Just as clearly, however, the play records the traditional comic disciplining of a woman who lacks such a properly gendered subjectivity. I am referring, of course, to Olivia, whom I regard as the real threat to the hierarchical gender system in this text, Viola being but an apparent threat. As Stephen Greenblatt points out, Olivia is a woman of property, headstrong and initially intractable, and she lacks any discernible male relatives, except the disreputable Toby, to control her or her fortune (p. 69). At the beginning of the play she has decided to do without the world of men, and especially to do without Orsino. These are classic marks of unruliness. And in this play she is punished, comically but unmistakably, by being made to fall in love with the crossdressed Viola. The good woman, Viola, thus becomes the vehicle for humiliating the unruly woman in the eyes of the audience, much as Titania is humiliated in A Midsummer Night's Dream by her union with an ass. Not only is the figure of the male-attired woman thus used to enforce a gender system that is challenged in other contexts by that figure, but also, by a bit of theatrical handy-dandy, the oft-repeated fear that boy actors dressed as women leads to sodomy is displaced here upon a woman dressed as a man. It is Viola who provokes the love of Olivia, the same-sex love between women thus functioning as the marker of the "unnatural" in the play and a chief focus of its comedy.
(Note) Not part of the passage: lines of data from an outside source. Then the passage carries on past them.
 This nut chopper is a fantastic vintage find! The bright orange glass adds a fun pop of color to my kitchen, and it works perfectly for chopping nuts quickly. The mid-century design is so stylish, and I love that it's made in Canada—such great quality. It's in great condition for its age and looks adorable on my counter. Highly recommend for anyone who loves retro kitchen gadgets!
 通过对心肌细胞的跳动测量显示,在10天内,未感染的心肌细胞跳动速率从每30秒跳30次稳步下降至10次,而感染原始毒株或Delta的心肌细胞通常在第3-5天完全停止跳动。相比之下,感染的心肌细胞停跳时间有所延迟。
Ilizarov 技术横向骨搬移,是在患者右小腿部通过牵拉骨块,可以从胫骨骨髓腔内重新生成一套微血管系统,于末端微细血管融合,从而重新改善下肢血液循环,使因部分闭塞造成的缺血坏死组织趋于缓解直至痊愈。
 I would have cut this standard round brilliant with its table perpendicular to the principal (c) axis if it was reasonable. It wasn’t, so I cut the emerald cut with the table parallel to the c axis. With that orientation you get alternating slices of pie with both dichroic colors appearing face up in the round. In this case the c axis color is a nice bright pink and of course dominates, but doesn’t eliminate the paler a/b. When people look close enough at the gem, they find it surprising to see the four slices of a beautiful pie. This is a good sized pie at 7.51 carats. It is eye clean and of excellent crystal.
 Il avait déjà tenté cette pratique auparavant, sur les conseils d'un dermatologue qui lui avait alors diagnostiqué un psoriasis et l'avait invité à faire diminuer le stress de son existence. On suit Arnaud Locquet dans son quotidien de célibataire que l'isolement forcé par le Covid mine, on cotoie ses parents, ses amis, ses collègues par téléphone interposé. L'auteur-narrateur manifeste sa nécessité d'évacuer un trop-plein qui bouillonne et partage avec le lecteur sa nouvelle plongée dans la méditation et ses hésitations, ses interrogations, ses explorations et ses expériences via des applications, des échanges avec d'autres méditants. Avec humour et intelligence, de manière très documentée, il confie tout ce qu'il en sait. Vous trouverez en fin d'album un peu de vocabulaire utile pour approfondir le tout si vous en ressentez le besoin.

The treatment of Orsino, by contrast, is much less satirical. He, too, initially poses a threat to the Renaissance sex-gender system by languidly abnegating his active role as masculine wooer and drowning in narcissistic self-love. Yet Orsino, while being roundly mocked within the play, especially by Feste, is ridiculed only lightly by the play itself, by the punishments meted out to him. His narcissism and potential effeminacy are displaced, respectively, onto Malvolio and Andrew Aguecheek, who suffer fairly severe humiliations for their follies. In contrast, Orsino, the highest-ranking male figure in the play, simply emerges from his claustrophobic house in Act V and assumes his "rightful" position as governor of Illyria and future husband of Viola. Moreover, Orsino, in contrast to Olivia, shows no overt sexual interest in the crossdressed Viola until her biological identity is revealed, though his language often betrays an unacknowledged desire for the Diana within the male disguise. The point, however, is that the text makes his attraction to Cesario neither overt nor the object of ridicule.
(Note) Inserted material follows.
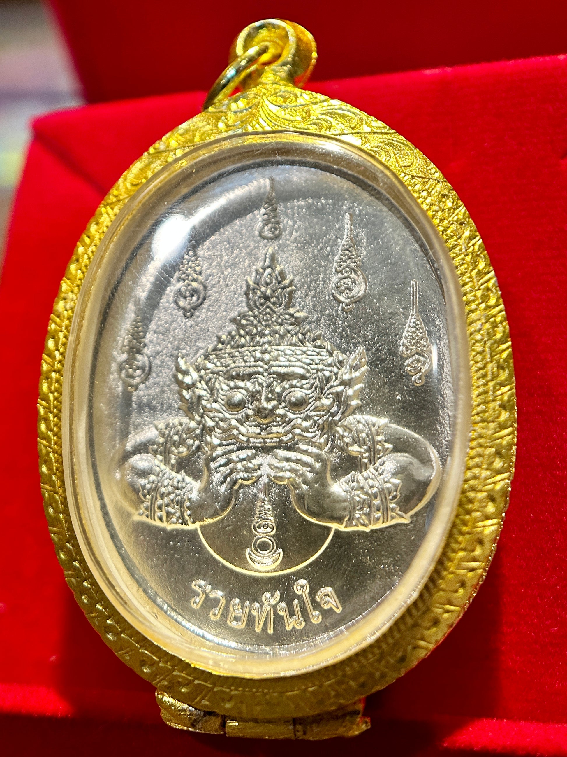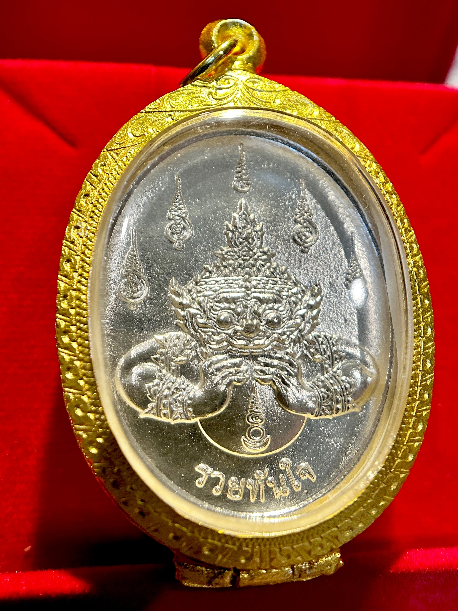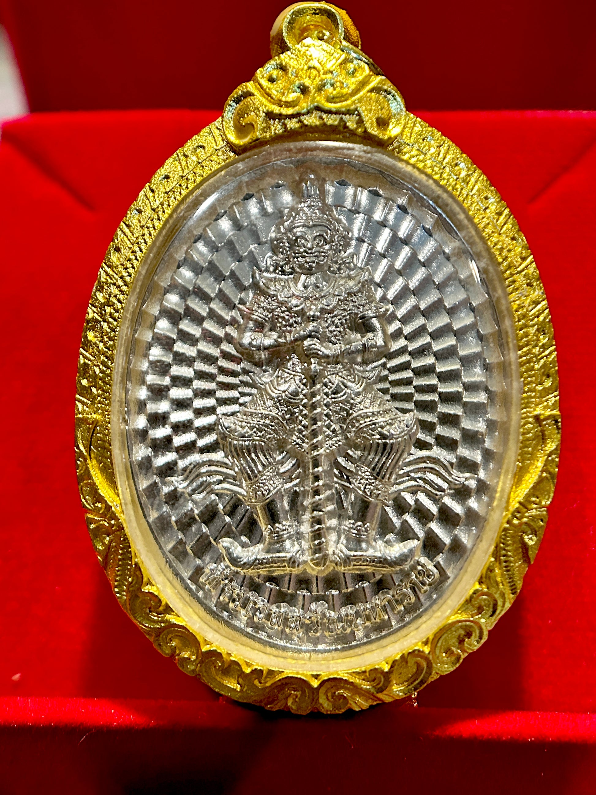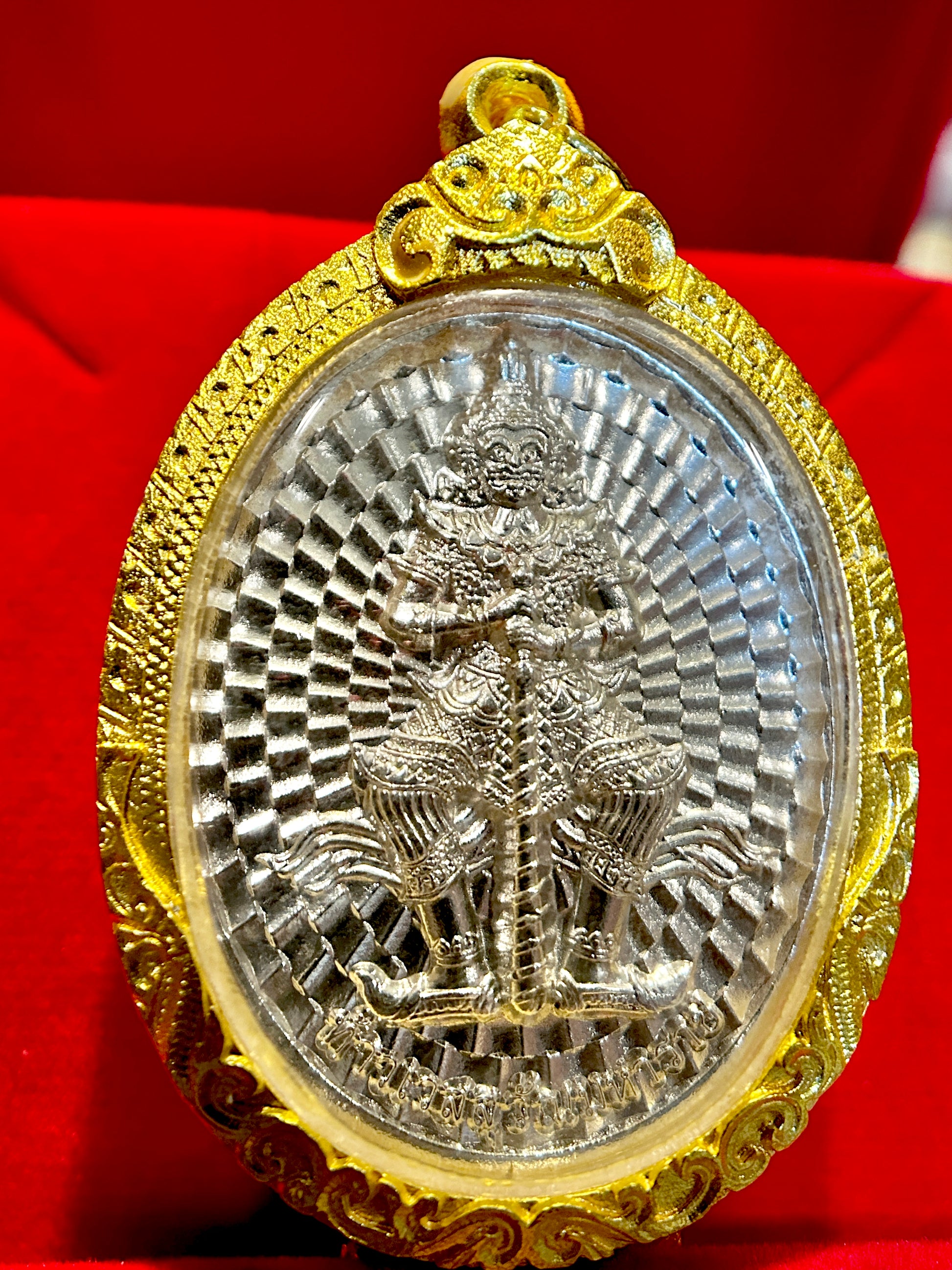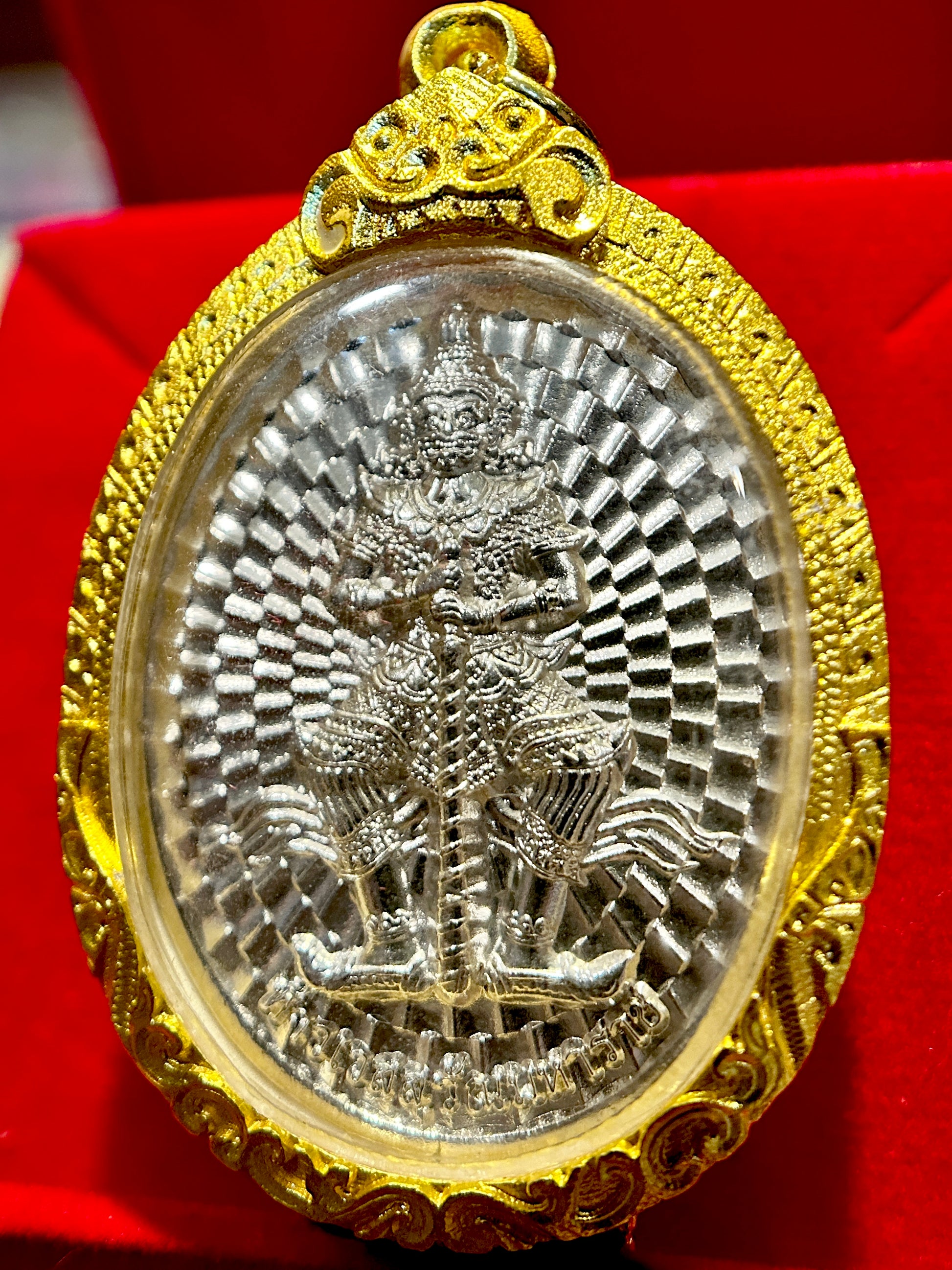 This powerful double-sided amulet unites two of Thailand’s most revered protectors.

If, as I have been arguing, this text treats gender relations conservatively, the same is true of its treatment of class. If unruly women and unmanly men are sources of anxiety needing correction, so are upstart crows. The class-jumper Malvolio, who dresses himself up in yellow stockings and cross garters, is savagely punished and humiliated, echoing the more comically managed humiliation of Olivia, the woman who at the beginning of the play jumped gender boundaries to assume control of her house and person and refused her "natural" role in the patriarchal marriage market. The play disciplines independent women like Olivia and upstart crows such as Malvolio and rewards the self-abnegation of a Viola. In the process, female crossdressing is stripped of nearly all of its subversive resonances present in the culture at large. There is no doubt that the play flirts with "dangerous matter": wearing clothes of the opposite sex invites every kind of sexual confusion and "mistaking." But the greatest threat to the sex-gender system is not, I would argue, the potential collapse of biological difference through the figure of Viola but the failure of other characters—namely, Orsino and Olivia—to assume culturally sanctioned positions of dominance and subordination assigned the two genders. As I noted earlier, it is ironic that it is through the crossdressed Viola, with her properly "feminine" subjectivity, that these real threats are removed and both difference and gender hierarchy reinscribed.
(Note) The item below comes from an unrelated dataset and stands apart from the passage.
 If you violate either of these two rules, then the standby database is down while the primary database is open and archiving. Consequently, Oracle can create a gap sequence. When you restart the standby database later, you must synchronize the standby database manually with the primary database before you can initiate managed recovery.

Not all the comedies are so recuperative. Portia's crossdressing, for example, is more disruptive than Viola's precisely because Portia's is not so stereotypically a feminine subjectivity. We first see her chafing at the power of a dead father's control over her, and when she adopts male dress, she proves herself more than competent to enter the masculine arena of the courtroom and to hold her own as an advocate in that arena. Her man's disguise is not a psychological refuge but a vehicle for assuming power. Unlike those crossdressed heroines who faint at the sight of blood or who cannot wield a sword, Portia seems able to play the man's part with conviction. Her actions hardly dismantle the sex-gender system; but they do reveal that masculine prerogatives are based on custom, not nature, since a woman can indeed successfully assume masculine positions of authority.41 Portia's actions are not aimed at letting her occupy a man's place indefinitely, however, but at making her own place in a patriarchy more bearable. She uses her disguise as Balthazar not only to rescue Antonio from death but also to intervene in the male/male friendship of her husband and Antonio and to gain control over her sexuality while setting the terms for its use in marriage. By the ring trick she gains the right to sleep not with her husband but by and with herself. In a play that insists on the patriarchal authority of fathers to dispose of daughters and that of husbands to govern wives, Portia's ability—through her impersonation of a man—to remain a married virgin and to set the terms for the loss of her virginity is a remarkable feat, as is her ability to guide Bassanio's choice of the correct casket without violating the letter of her father's will.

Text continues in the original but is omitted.